# That’s A What??? Pen.



## maxman400 (May 25, 2010)

A few weeks back I dropped off three PVC pipe Pens to a construction site and sitting on a table was this hunk of metal (1st photo) when I inquired as to what it was, I was told that it is a hydraulic piston from a pump that had failed. The yard boss told me I could have it if I wanted it. So I have been playing around with some ideas as to what to do with it, then I saw skiprats tool box pen and it all came together for me. :thunder: Every thing about this pen is a first for me,  First closed end, first kitless, first metal (all stainless). First I decided to use stainless nuts and bolts to form the sleeve for the cap and the nib. My friend John (IAP Member desertrat) gave me some stainless rod, and also helped with the threading of the body of the pen with some top of the line taps. All of the metal was turned on my HF metal lath, the body has a 4 degree taper on each end. The nib was first straight cut from a ½”-13 bolt then I did a 6 degree cut then finished with a 10 degree cut. All of the metal has been sanded to 320 then crocus clothed.   The cap weighs 50.7 grams and the pen weighs 80.1 grams, total 130.8 but it feels great in my hand, the cap does not post. I can use the cap as a paper weight while I work with the pen.
  Any Comments or Suggestions welcome, Thanks for looking.
And a big thanks to John for the help.


----------



## DurocShark (May 25, 2010)

That's REALLY cool!


----------



## mredburn (May 25, 2010)

very nicely done, well executed.
Mike


----------



## PaulDoug (May 25, 2010)

Very nice and inventive.


----------



## seamus7227 (May 25, 2010)

THATS INSANE! Good job putting all of it together, great idea!


----------



## thewishman (May 25, 2010)

WOW WOW WOW! Great work!


----------



## johncrane (May 25, 2010)

Id say you've done a fantastic job Max! being all first time, i love the body and a bit iffy with the cap, id say the round ball cap would be a first here too,New design is a good thing so keep them coming.


----------



## CaptG (May 25, 2010)

That is one great pen.  Nice job.


----------



## Jim15 (May 25, 2010)

Great idea and execution.


----------



## Kaspar (May 25, 2010)

Excellent.  The more of these kinds of pens I see, the more I want to start doing some kitless stuff myself.  I'm getting there.  Got a few things to master yet.


----------



## Mark (May 25, 2010)

DurocShark said:


> That's REALLY cool!





seamus7227 said:


> THATS INSANE!





Kaspar said:


> Excellent.



All the above. WOW. Nicely Done..


----------



## altaciii (May 25, 2010)

Beauty ful!!! A great looking pen and what a job with the pics


----------



## ldb2000 (May 25, 2010)

Max ... ya done did good !!! :highfive:


You do realize though , once you start with this stuff it gets harder and harder to go back to kits :wink::biggrin:


----------



## Rick_G (May 25, 2010)

Nice job and great looking pen.  Now take it back and give it to the construction boss and see what other things he can come up with for you to work with.


----------



## CSue (May 25, 2010)

Way COOL!  I love it.  How much does it weigh?


----------



## Pioneerpens (May 25, 2010)

very unique! nicely done!


----------



## LouCee (May 25, 2010)

Very cool!


----------



## boxerman (May 25, 2010)

Very nice & cool pen.


----------



## maxman400 (May 25, 2010)

CSue said:


> Way COOL!  I love it.  How much does it weigh?

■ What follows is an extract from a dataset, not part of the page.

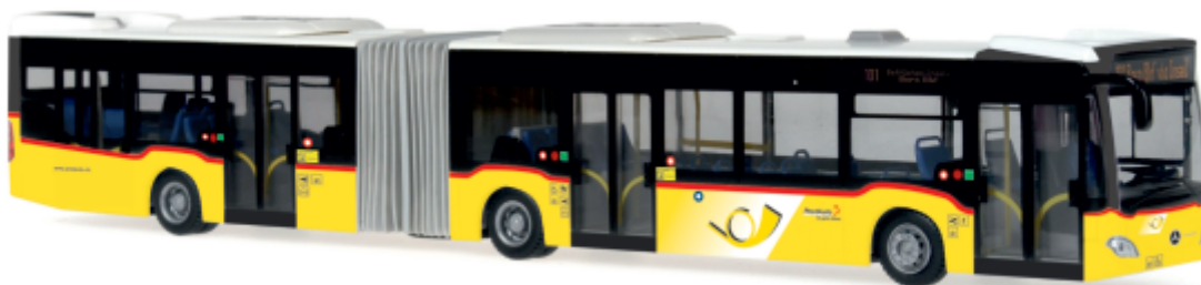
MERCEDES-BENZ Citaro G Euro 6 „Die Post“ 69519 | 1:87 | CH | PG 49

The pen weighs 80.1 grams and the cap weighs 50.7gm. for a total of 130.8 gm or 4.67 0z.


----------



## Jgrden (May 25, 2010)

Way over my abilities.


----------



## bgibb42 (May 25, 2010)

That's a awesome piece of work!  I'm a little jealous of you guys with metal lathes.


----------



## workinforwood (May 26, 2010)

Looks very cool Max.  What stops the cap from unscrewing the nib sometimes when you remove it?


----------



## PenPal (May 26, 2010)

Well seen , excellent inspiration and faultless execution providing an immaculate pen.

This is what is called application, takes guts and determination creating, thinking, plotting and machining.

I love it.

Peter.


----------



## OLDMAN5050 (May 26, 2010)

unbelievable what some of you members here can do. just make me dream!!!!!!!!!!!!!!!!


----------



## cinder_ladylocket (May 26, 2010)

Just leave us in the dust............thats striking man!!!!!!!!!! wow!!!


----------



## bitshird (May 26, 2010)

Nice job Max, looks pretty darned cool.


----------



## hewunch (May 26, 2010)

Very cool!


----------



## maxman400 (May 26, 2010)

workinforwood said:


> Looks very cool Max.  What stops the cap from unscrewing the nib sometimes when you remove it?

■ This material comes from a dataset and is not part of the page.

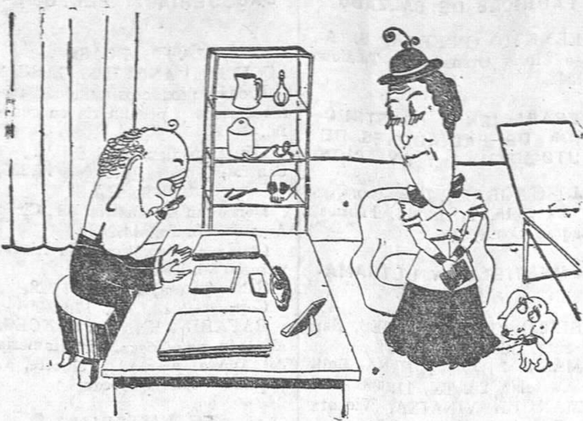
—Tengo que auscultarla. —Entonces prefiero volver con mamá.

Jeff, Friction is what holds it. Since the thread in the body is tapered when the nib is screwed in to the body it locks in tight, it takes more force to remove it than the cap.


----------



## ToddMR (May 26, 2010)

That is pretty slick.  What a cool way to make a pen.  Very good work you have done there.


----------



## lorbay (May 26, 2010)

Way cool, did you thread that on the lathe with dies or with the lathe threading capabilities????. I can't wait to get my new metal lathe out of the crate, I have only had it 2 months. Lol

Lin.


----------



## maxman400 (May 26, 2010)

lorbay said:


> Way cool, did you thread that on the lathe with dies or with the lathe threading capabilities????. I can't wait to get my new metal lathe out of the crate, I have only had it 2 months. Lol
> 
> Lin.


The threaded part on the nib is a stainless 1/2" bolt, and a 1/2" nut turned down to fit in to the cap.


----------



## skiprat (May 26, 2010)

Hey!!! Listen here you!!!  Didn't anyone tell you that I'm the only one that's allowed to make pens from nuts and bolts????:biggrin: Jeesh, the cheek!!!!

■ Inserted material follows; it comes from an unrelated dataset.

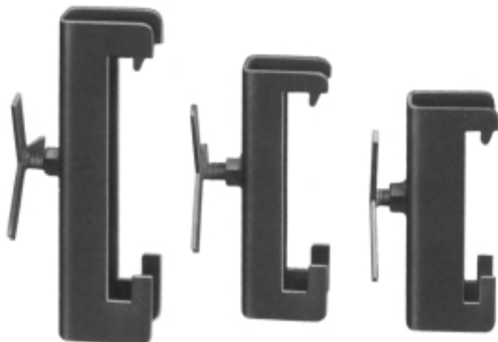
Morsetto tipo A: a doppio bloccaggio e a serraggio a vite

Send it to me and I'll forgive you:tongue::biggrin:

Very well done!!! Next goal is to reduce the weight:biggrin:


----------



## mbroberg (May 26, 2010)

Beautiful job.  Congratulations on the design and execution of a fantastic pen!


----------



## maxman400 (May 26, 2010)

skiprat said:


> Hey!!! Listen here you!!!  Didn't anyone tell you that I'm the only one that's allowed to make pens from nuts and bolts????:biggrin: Jeesh, the cheek!!!!
> 
> Send it to me and I'll forgive you:tongue::biggrin:
> 
> Very well done!!! Next goal is to reduce the weight:biggrin:



Skip what can I say, you inspire a lot of people.  And I would Like To Thank all of those that left feed back for all of their support, it's this kind of support that drives us on to the next project.:biggrin: 
I am thinking aluminum.....


----------



## bruce119 (May 27, 2010)

Very nice .... I need to put my metal lathe to work

.


----------



## Rfturner (May 28, 2010)

That is a very unique design it looks great


----------



## johnspensandmore (May 28, 2010)

Excellent! Very unique.


----------



## jbostian (May 28, 2010)

That is an awesome pen.  

Jamie


----------



## creativewriting (May 28, 2010)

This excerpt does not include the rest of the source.